Insulin-like growth factors and neonatal cardiomyocyte development: ventricular gene expression and membrane receptor variations in normotensive and hypertensive rats

• Published in: Molecular and cellular endocrinology Vol. 63; no. 1; pp. 1 - 14
• Main Authors: Engelmann, Gary L., Boehm, Keith D., Haskell, Joyce F., Khairallah, Philip A., Ilan, Judith
• Format: Journal Article
• Language: English
• Published: Shannon Elsevier Ireland Ltd 01.05.1989; Elsevier
• Subjects: Animals; Biological and medical sciences; Cell Division - drug effects; Development; Fundamental and applied biological sciences. Psychology; Gene Expression Regulation; Heart; Heart - embryology; Heart Ventricles - metabolism; Hypertension - genetics; Hypertension - metabolism; Hypertrophy; Insulin-like growth factor; Insulin-Like Growth Factor I - pharmacology; Insulin-Like Growth Factor I - physiology; Insulin-Like Growth Factor II - pharmacology; Insulin-Like Growth Factor II - physiology; Myocardium - cytology; Myocardium - metabolism; Myocardium - ultrastructure; Myocyte; Neonatal heart; Nucleic Acid Hybridization; Rat; Rats; Rats, Inbred Strains; Rats, Mutant Strains; Receptors, Cell Surface - analysis; Receptors, Cell Surface - genetics; Receptors, Somatomedin; RNA - analysis; RNA - genetics; Somatomedins - physiology; Transcription, Genetic; Vertebrates: cardiovascular system; Development; Rat; Insulin-like growth factor; Neonatal heart; Myocyte; Hypertrophy; Autoregulation; Heart; Hypertension; Radiolabelling; Somatomedin C; Gel electrophoresis; Rodentia; Gene expression; Insulin like growth factor 2; Chromatography; Characterization; Autoradiography; Vertebrata; Optical microscopy; Membrane receptor; Mammalia; Messenger RNA; Circulatory system; Biological receptor
• ISSN: 0303-7207; 1872-8057
• DOI: 10.1016/0303-7207(89)90076-2

Defined factors regulating or influencing mammalian ventricular myocyte (cardiomyocyte) development are not known at this time. During early neonatal ventricular growth, cardiomyocytes begin a ‘transition phase’ of development toward cellular maturation (hypertrophy) that entails terminal proliferation and cellular binucleation. Insulin-like growth factor-I and -II (IGFs) are believed to play a major role in mammalian postnatal and fetal growth, possibly functioning in local environments which facilitate autocrine or paracrine tissue growth characteristics.
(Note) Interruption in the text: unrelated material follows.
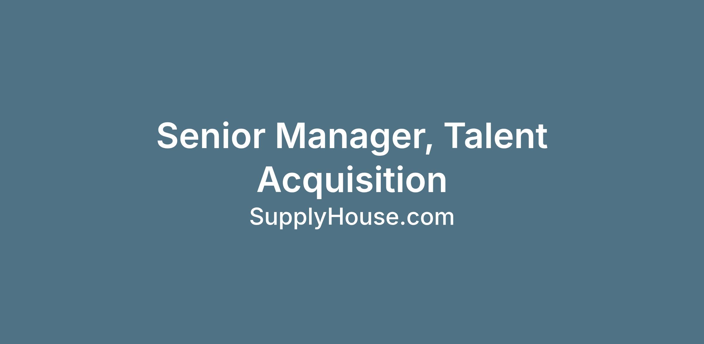 We are looking for a Senior Manager, Talent Acquisition to join our Human Resources Team. This individual will be responsible for shaping and driving SupplyHouse’s global hiring strategy across corporate, technical, and operations teams. As a trusted partner and thought leader to senior leadership, this individual will use data, market insights, and innovation to position SupplyHouse as a destination for top talent. If you're passionate about building scalable, inclusive, and high-impact recruiting practices, our culture and core values, and delivering an exceptional candidate experience, we’d love to hear from you!

Therefore, we examined the expression of the IGF genes and their corresponding membrane receptors in ventricles of normotensive and spontaneously hypertensive (SHR) rat pups during the first 7–14 days of age. We have determined: (1) by receptor crosslinking that neonatal ventricular membranes possess type 1 and type 2 IGF receptors; (2) by receptor binding analysis that type 1 IGF receptor concentration is elevated between days 1–7 in the SHR and shows an age-related decline in concentration and an increase in affinity in both strains; (3) by Northern blot analysis that neonatal rat ventricular tissue expresses primarily IGF-II RNA transcripts of 3.6, 2.3 and 1.7 kilobases (kb) in size, with low levels of IGF-I transcripts detected; (4) by slot-blot hybridization that SHR ventricles contain higher levels of IGF-II transcripts at 3 days of age; and (5) localized the IGF transcripts to ventricular myocytes by tissue in situ hybridization. These observations support a role for cardiomyocyte-produced IGFs that may be locally produced and act in an autocrine or paracrine fashion to modulate cardiomyocyte growth and maturation in the developing rat heart. Because both IGF receptor and IGF RNA transcript parameters differed in SHR hearts, genetically predisposed to hypertrophy, a potentially important biochemical alteration may be associated with the fetal/neonatal growth abnormalities of the developing heart in this rat strain.